MySQL Binlog Events Use case and Examples

This is in continuation to the previous post, if you have not read that, I would advise you to go through that before continue reading.
I discussed about three use cases in my last post, here I will explain them in detail.

  1.  Extracting data from a binary log file:
    The binary log file is full of information, but what if you want selected info, for example:

    • printing the timestamp for every event in the binary log file.
    • extracting the event types of all the events occurring in the binary log file.

    And any other such data from an event in real time. Below is some sample code which shows how to do that step by step.

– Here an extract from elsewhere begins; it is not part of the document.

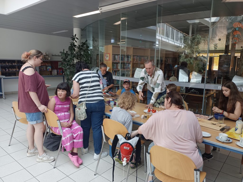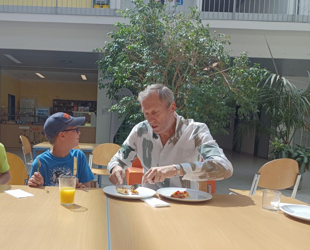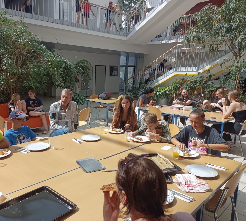 Am Dienstag, den 25. Juni besuchten uns die Schüler*innen aus der Sonderschule St. Isidor, nachdem wir sie im Mai besucht hatten. Wir zeigten ihnen unsere Schule und buken gemeinsam Pizza. Den Kindern und Jugendlichen gefiel es sehr gut, manche wollten auch hier bleiben. Sie mussten dann leider wieder fahren, aber wir werden im Oktober gemeinsam einen Ausflug machen – darauf freuen wir uns!

    • Connect to the available transport
      // the base class for both types of transport, the term driver and transport are
      // used interchangeably in code.
      binary_log::system::Binary_log_driver *drv;

      • For tcp transport
        // An example of the uri can be mysql://neha@localhost:3306  drv=binary_log::system::create_transport("user@host:port_no");
      • For file transport
        // The path should be absolute like
        // “/home/neha/binlog/masterbin.000001”
        drv=binary_log::system::create_transport("path of the binary log file");
      • Common code for both transports
        binary_log::Binary_log binlog(drv);
        // This internally calls methods from libmysqlclient library
        binlog.connect();
    • Fetch the stream in a buffer
      // In this pair object the first value will store stream buffer and second value
      // will store length buffer, only one event is received at a time.
      std::pair buffer_buflen;
      // This internally calls methods from libmysqlclient library.
      drv= get_next_event(&buffer_buflen);
    • Decode the buffer and get an event object
      binary_log::Binary_log_event *event; // To store the event object
      // This class contains method to decode all the binary log events
      Decoder decode;

      event= decode.decode_event((char *) buffer_buflen.first, buffer_buflen.second,
      NULL/* char array to store the error message*/, 1)
    • Now that the event object is created, it can be used to extract all the information about that particular event, for example
      std::cout<<”Event Data”<<std::endl;
      std::cout<<”Event type ”<<event->get_event_type()<<std::endl;
      std::cout<<”Data written ”<<event->header()->data_written<<std::endl;
      std::cout<<”Binlog Position ”<<event->header()->log_pos<<std::endl;

    You can see the complete code below.

    Screenshot from 2015-04-21 13:25:28

    The above example will print just one event, if you want to continue reading events, place the code for decoding and printing in a while loop, with breaking condition as per your requirement. If there are no more events left to read, an EOF message will appear in case of file transport.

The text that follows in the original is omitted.